TIMIKA | LINTASTIMOR.ID – Pagi itu, halaman Pusat Pemerintahan SP3 tidak sekadar menjadi tempat apel. Di bawah langit Mimika yang perlahan membuka hari, 210 petugas berdiri dalam satu barisan panjang—membawa tugas yang tak hanya menghitung angka, tetapi membaca denyut kehidupan ekonomi masyarakat dari rumah ke rumah, dari usaha kecil hingga ruang-ruang usaha yang menggerakkan daerah.
Senin (29/6/2026), Badan Pusat Statistik (BPS) Kabupaten Mimika bersama Pemerintah Kabupaten Mimika resmi memulai pelaksanaan Sensus Ekonomi 2026 melalui apel siaga yang menandai dimulainya pendataan aktivitas ekonomi di seluruh wilayah kabupaten.
Kepala BPS Kabupaten Mimika, Dian Sudarmanto, menjelaskan bahwa Sensus Ekonomi merupakan agenda nasional yang dilaksanakan setiap sepuluh tahun sekali untuk memperoleh gambaran menyeluruh mengenai aktivitas usaha di Indonesia. Dari data yang dikumpulkan, arah pembangunan ekonomi, penguatan UMKM, hingga strategi investasi daerah akan disusun dengan pijakan yang lebih presisi.
Pendataan akan menjangkau berbagai jenis usaha—dari skala kecil hingga besar—termasuk memotret kondisi tenaga kerja, aktivitas ekonomi yang dijalankan, serta tingkat pemanfaatan teknologi dalam operasional usaha.
Dalam pesannya kepada masyarakat, Dian menegaskan bahwa sensus ini tidak berkaitan dengan perpajakan.
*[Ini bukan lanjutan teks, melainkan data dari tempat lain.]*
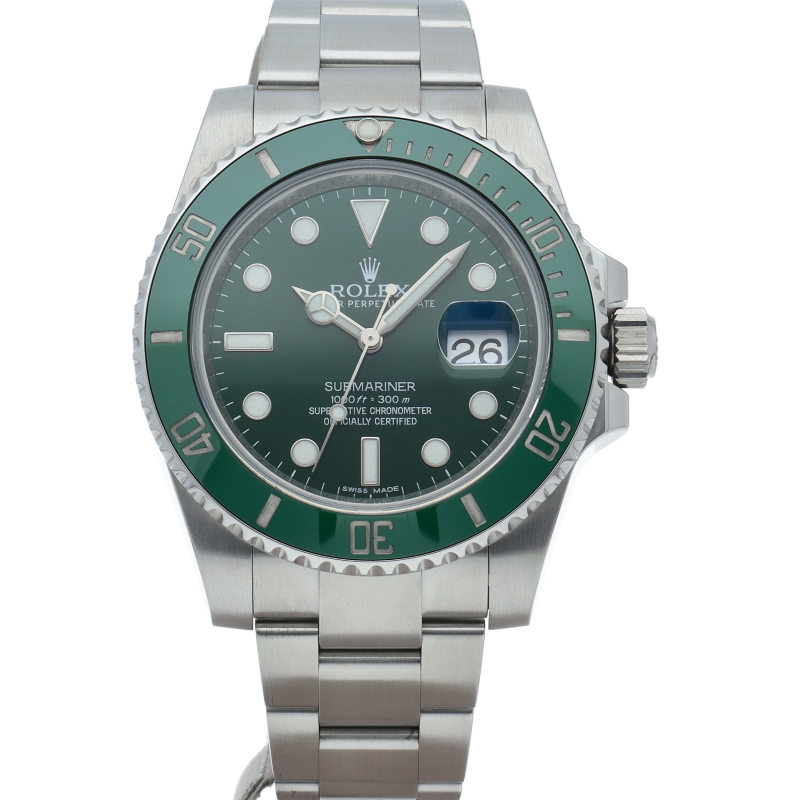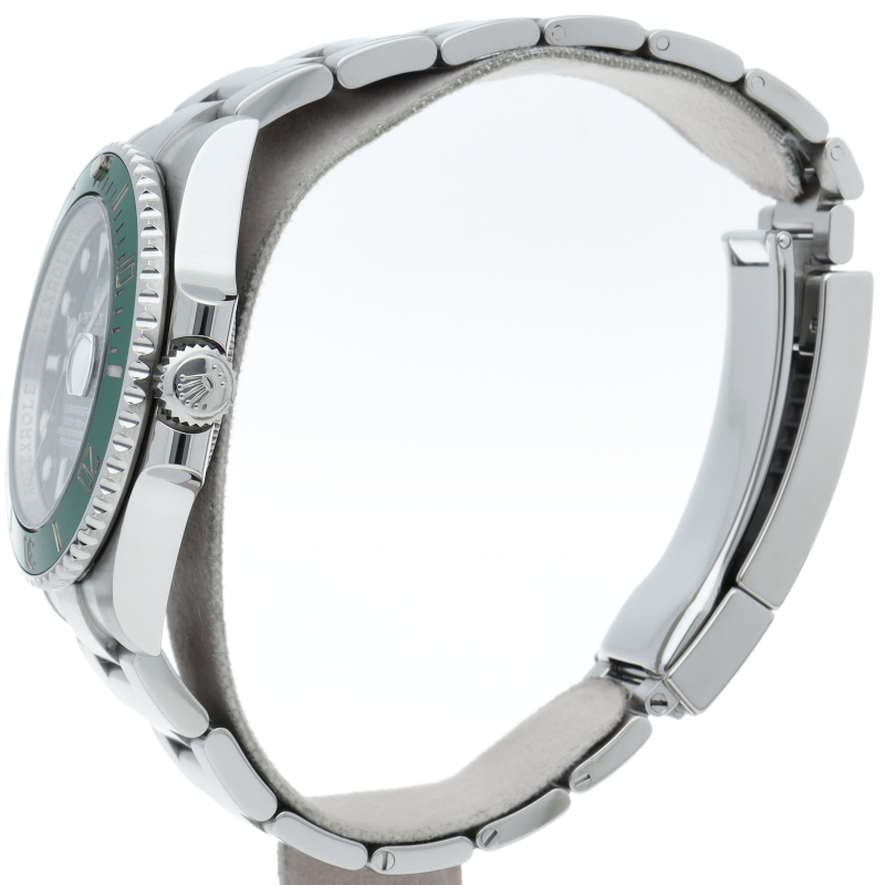 水深300mでも信頼性と精度が保証されているサブマリーナー。116610LVは文字盤とベゼルにロレックスのコーポレートカラーであるグリーンを用いることで特別なモデルとなっています。

Ia menaruh harapan agar masyarakat membuka ruang kepercayaan kepada petugas demi menghasilkan data yang benar-benar mencerminkan kondisi lapangan.
“Sensus Ekonomi ini tidak ada kaitannya dengan perpajakan. Karena itu kami mengajak masyarakat memberikan informasi yang benar agar data yang dihasilkan benar-benar akurat dan bermanfaat bagi pembangunan,” ujarnya.
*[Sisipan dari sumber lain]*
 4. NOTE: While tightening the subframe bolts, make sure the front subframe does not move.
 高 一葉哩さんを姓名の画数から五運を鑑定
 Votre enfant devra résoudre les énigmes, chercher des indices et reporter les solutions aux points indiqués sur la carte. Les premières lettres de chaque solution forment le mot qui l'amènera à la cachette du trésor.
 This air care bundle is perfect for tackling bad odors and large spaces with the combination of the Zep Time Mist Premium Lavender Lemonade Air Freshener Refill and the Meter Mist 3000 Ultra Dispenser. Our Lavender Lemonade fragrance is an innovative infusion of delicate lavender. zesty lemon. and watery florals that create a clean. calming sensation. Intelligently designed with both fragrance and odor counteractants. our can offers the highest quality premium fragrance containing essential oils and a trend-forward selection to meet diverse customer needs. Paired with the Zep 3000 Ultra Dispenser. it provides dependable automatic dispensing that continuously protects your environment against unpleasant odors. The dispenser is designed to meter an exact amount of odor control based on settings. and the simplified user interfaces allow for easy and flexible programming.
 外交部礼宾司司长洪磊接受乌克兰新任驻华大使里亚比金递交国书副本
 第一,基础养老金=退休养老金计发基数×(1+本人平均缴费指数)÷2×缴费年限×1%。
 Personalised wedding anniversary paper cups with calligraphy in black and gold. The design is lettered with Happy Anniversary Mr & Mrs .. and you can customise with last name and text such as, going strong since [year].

Sementara itu, Penjabat Sekretaris Daerah Mimika, Abraham Kateyau, mengingatkan para petugas bahwa keberhasilan sensus tidak hanya ditentukan oleh metode dan instrumen, tetapi juga oleh cara hadir di tengah masyarakat—dengan integritas, tanggung jawab, dan sikap yang menghormati setiap orang yang ditemui.
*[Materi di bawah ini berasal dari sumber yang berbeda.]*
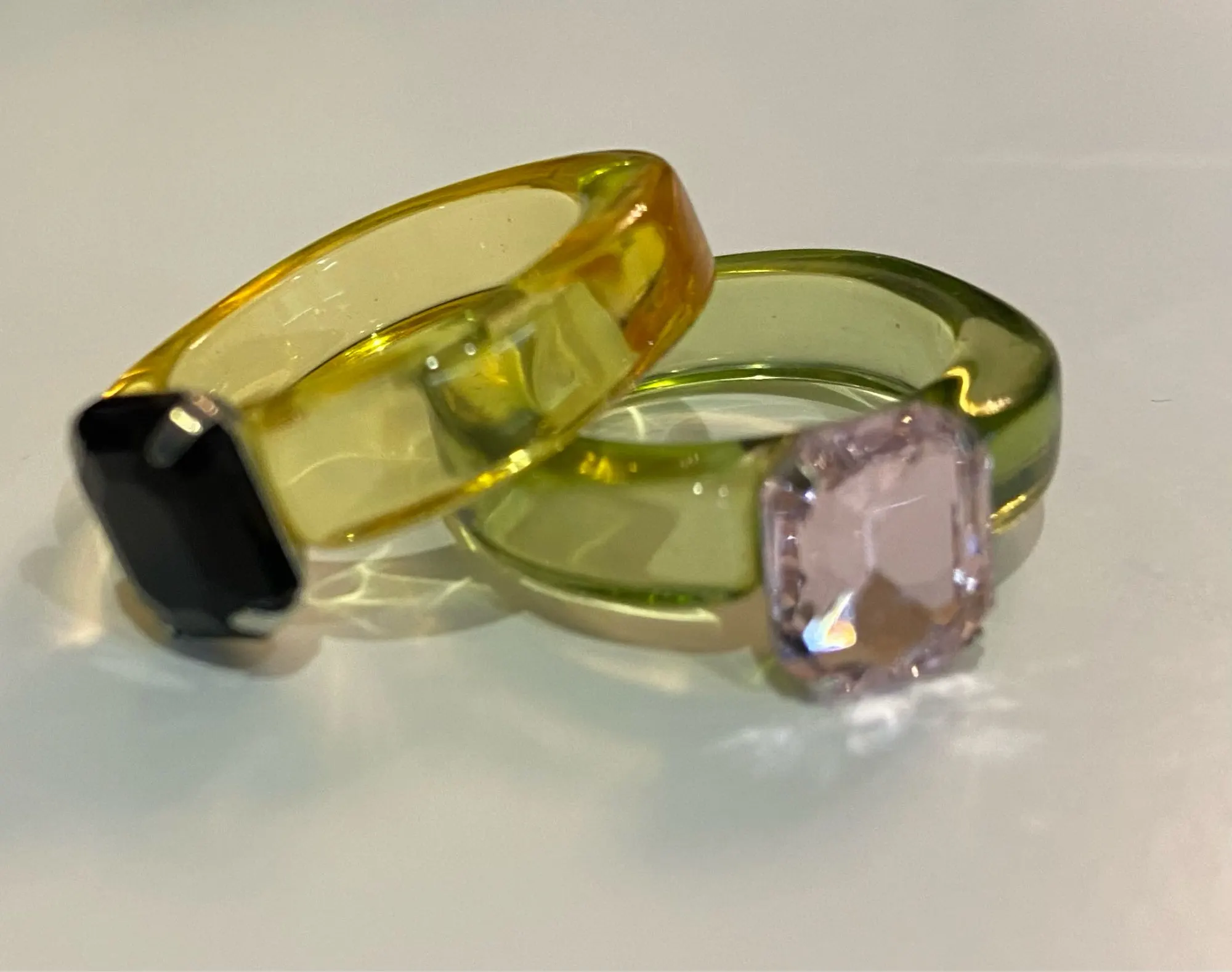 Кольца для женщин и девочек HUANZHI, прозрачные, акриловые, разноцветные, прямоугольные, простые, 2020

Ia juga mengajak masyarakat Kabupaten Mimika untuk menerima kehadiran petugas dan memberikan informasi yang dibutuhkan sebagai bagian dari kontribusi bersama membangun fondasi kebijakan ekonomi yang lebih tepat sasaran.
Data yang akurat, menurutnya, bukan sekadar kumpulan laporan, melainkan kompas yang menentukan arah pembangunan dan keputusan ekonomi daerah pada tahun-tahun mendatang.
Di tengah dinamika pertumbuhan wilayah, perkembangan sektor usaha, dan meningkatnya kebutuhan pembangunan yang berbasis bukti, Sensus Ekonomi 2026 menjadi lebih dari sekadar agenda statistik. Ia adalah upaya membaca wajah ekonomi Mimika secara utuh—agar kebijakan yang lahir tidak hanya cepat dibuat, tetapi juga tepat menjawab kebutuhan masyarakat.
Dengan melibatkan 210 petugas lapangan, pelaksanaan sensus ini diharapkan berjalan lancar dan menghasilkan data berkualitas. Sebab pada akhirnya, pembangunan yang kuat selalu dimulai dari satu hal yang sederhana namun menentukan: keberanian mencatat kenyataan apa adanya, agar masa depan tidak dibangun di atas perkiraan, melainkan di atas kebenaran yang terukur.